Besonders gut gefallen hat Lenn das Diamanten suchen im Sand, der Wasserkanal und das HOB-Center.

Das HOB-Center ist ein überdachtes Gebäude mit Restaurants, Cafes und einer Spielwelt, in der alle (oder viele) aktuellen Sets mehrfach aufgebaut sind und bespielt werden können.

Somit konnten wir zusammen Mittag essen und anschließen in Ruhe einen Kaffee trinken und Lenn die Spielwelt erforschen.

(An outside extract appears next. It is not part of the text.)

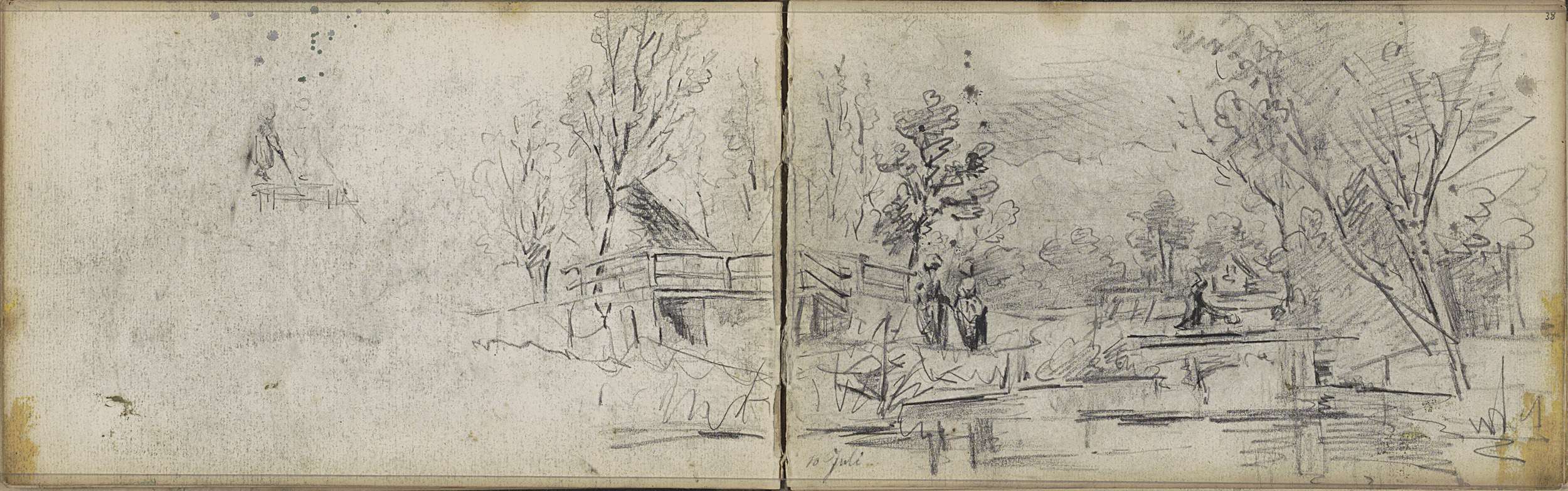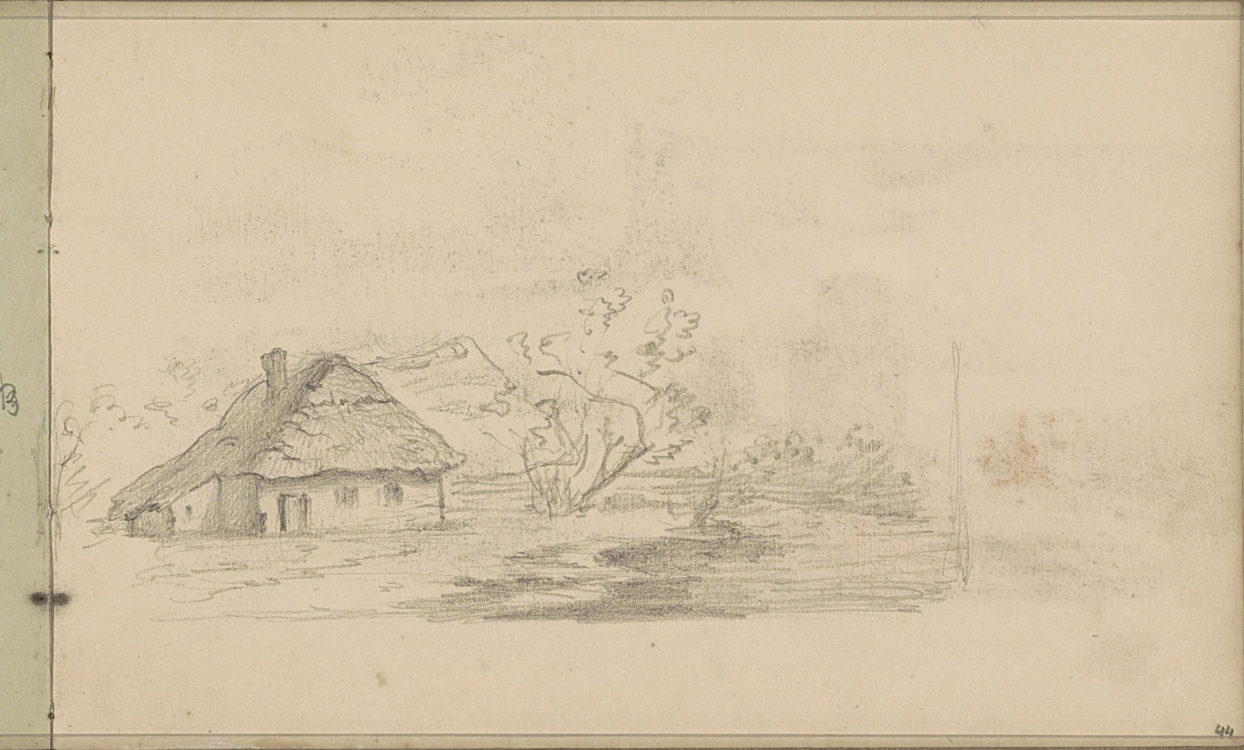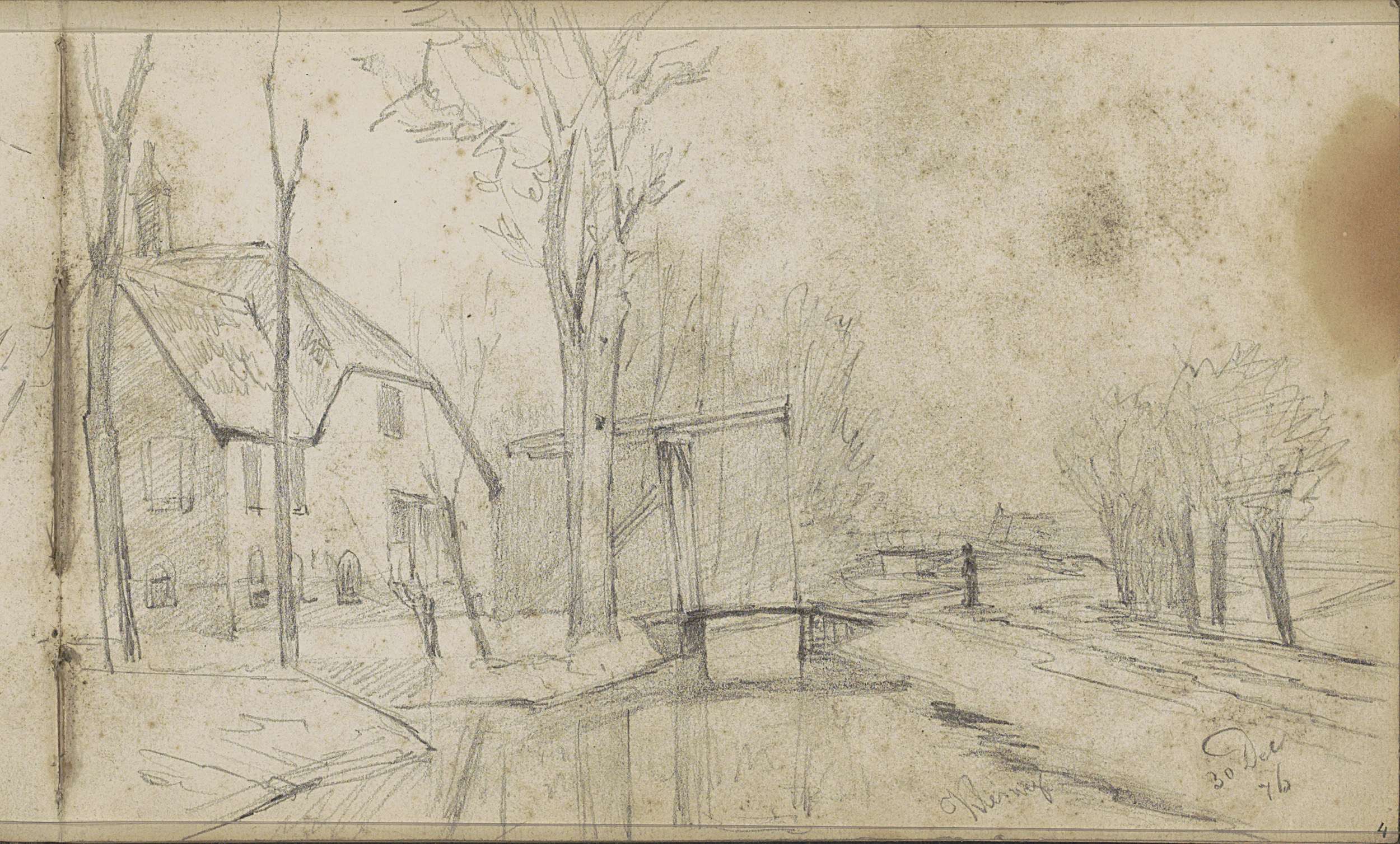 Boerderij langs een vaart, een huis en figuren met e...

Nach dem Mittagessen war der Park richtig voll – beim Diamanten sammeln konnte man kein Bein mehr an die Erde bekommen und auch an den anderen Attraktionen war es nicht anders.

Aber bei Lenn war eh so langsam die „Puste raus“ und wir haben zum Abschluß den Playmobil-Store besucht.
Somit wurde ein Teil des ersparten und geschenkten Urlaubsgeld direkt in „Dragons“ umgesetzt.

Camping Playmobil Funpark

Wetter:
Bewölkt aber trocken – also ideal für den Besuch im Playmobil Funpark.

Fazit Tag 2:
Der Playmobil Funpark ist unserer Meinung nach absolut zu empfehlen. Für den Besuch reicht ein Tag und man hat am Ende nicht das Gefühl, dass man was verpasst hat.